Underwood writes that he has researched criminal justice and public safety reform, had a task force review it and also sought input from experts at Old Dominion University.

“The evidence is clear that there are racial biases in the enforcement of marijuana,” said James.

Several supporters of the legalization of marijuana were happy to learn about Underwood’s decision.

“I’m just glad to see that our public leaders are finally making a public statement,” said Cindy Cutler, who is a member of the Board of Directors for Virginia NORML. NORML, a nonprofit that supports the legalization of marijuana.

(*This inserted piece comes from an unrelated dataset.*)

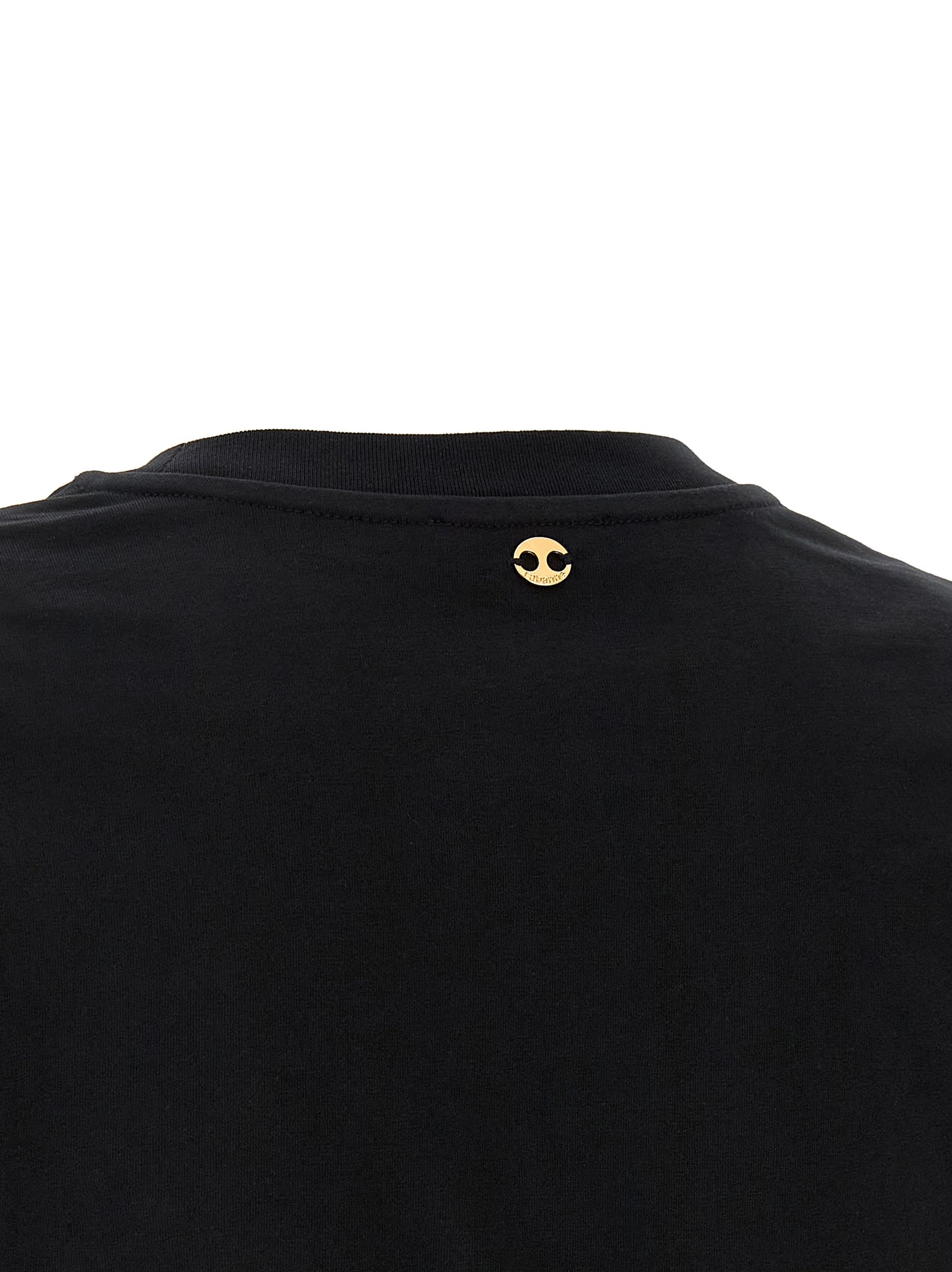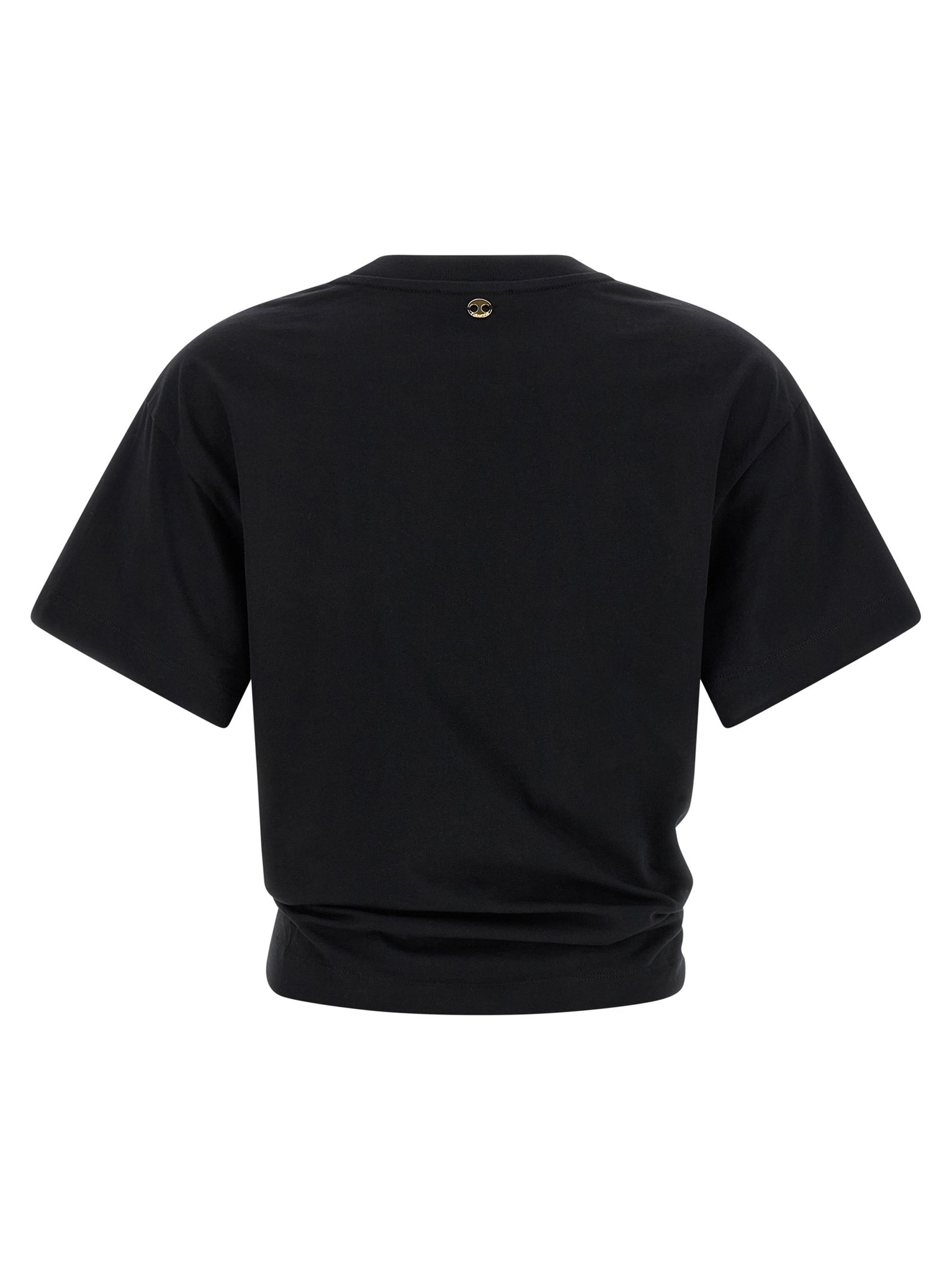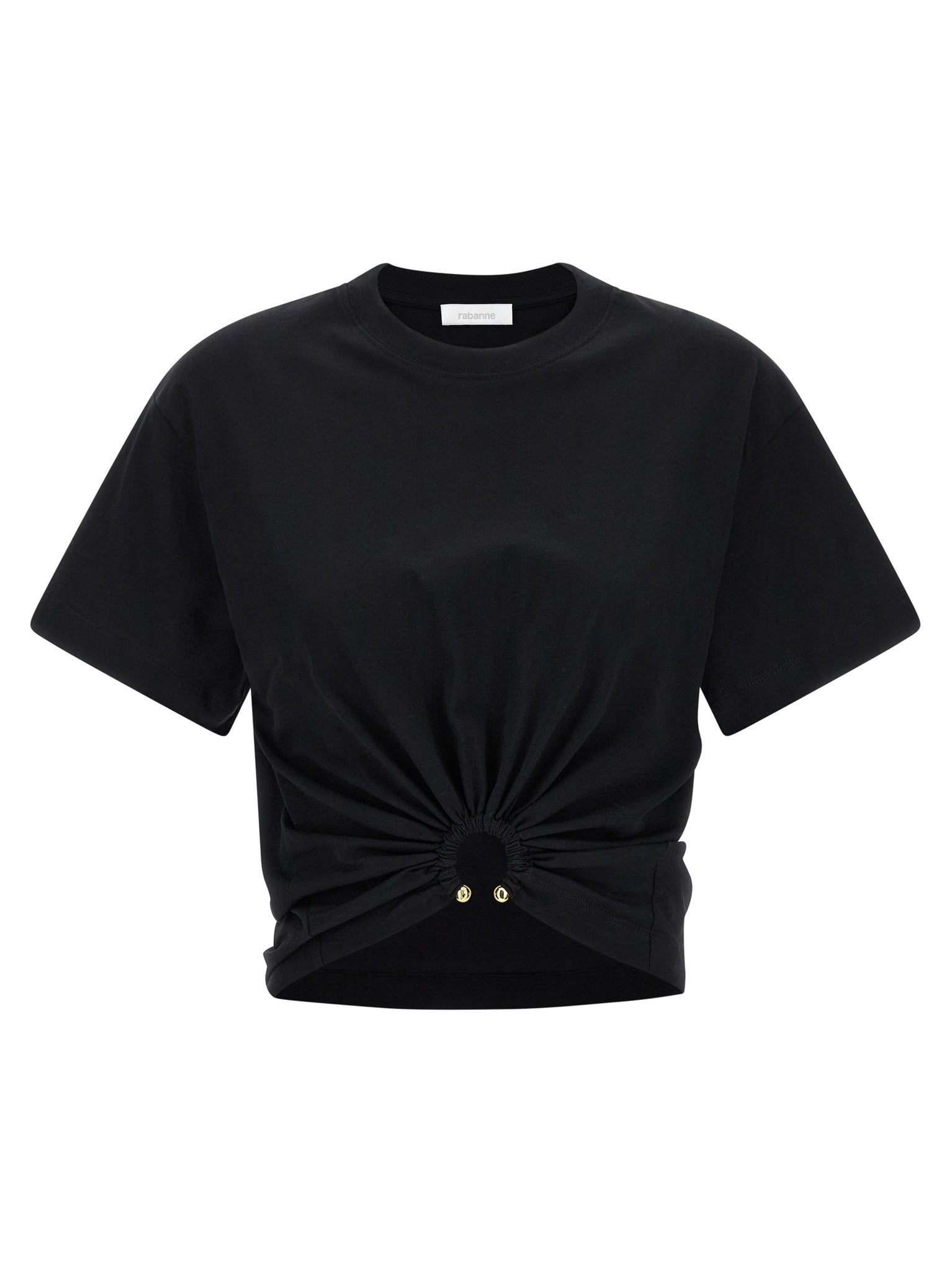 Cotton t-shirt, Front metal piercing that creates drapes, Crop model, Crew neck, Short sleeves, Asymmetrical hem. Size and Fit - true to size fit

She praised Underwood for the letter he wrote and wants to see other cities do the same thing.

Cutler said too many tax dollars are spent on marijuana prosecution and said a marijuana charge can seriously damage the reputation of the person arrested.

She said marijuana also helps so many people.

Related: Parents discuss how medical cannabis oil helps their kids 

“Now that I’ve been a leader in this movement for the last several years, I realize that marijuana is a medicine for many people,” said Cutler.

“We would certainly like to see other Commonwealth’s Attorneys follow the lead of Greg Underwood and would like to see our General Assembly this year address the decriminalization of marijuana,” said Cutler.

Those against the legalization of marijuana say it could be a gateway drug and lead to other health problems.

The letter also stated the Office will support the release of defendants on bail in more misdemeanor and felony cases with a personal recognizance bond with or without conditions.

It also stated that when a person gets arrested for prostitution and hiring a prostitute, the Office will seek similar dispositions upon convictions for these similarly-situated defendants.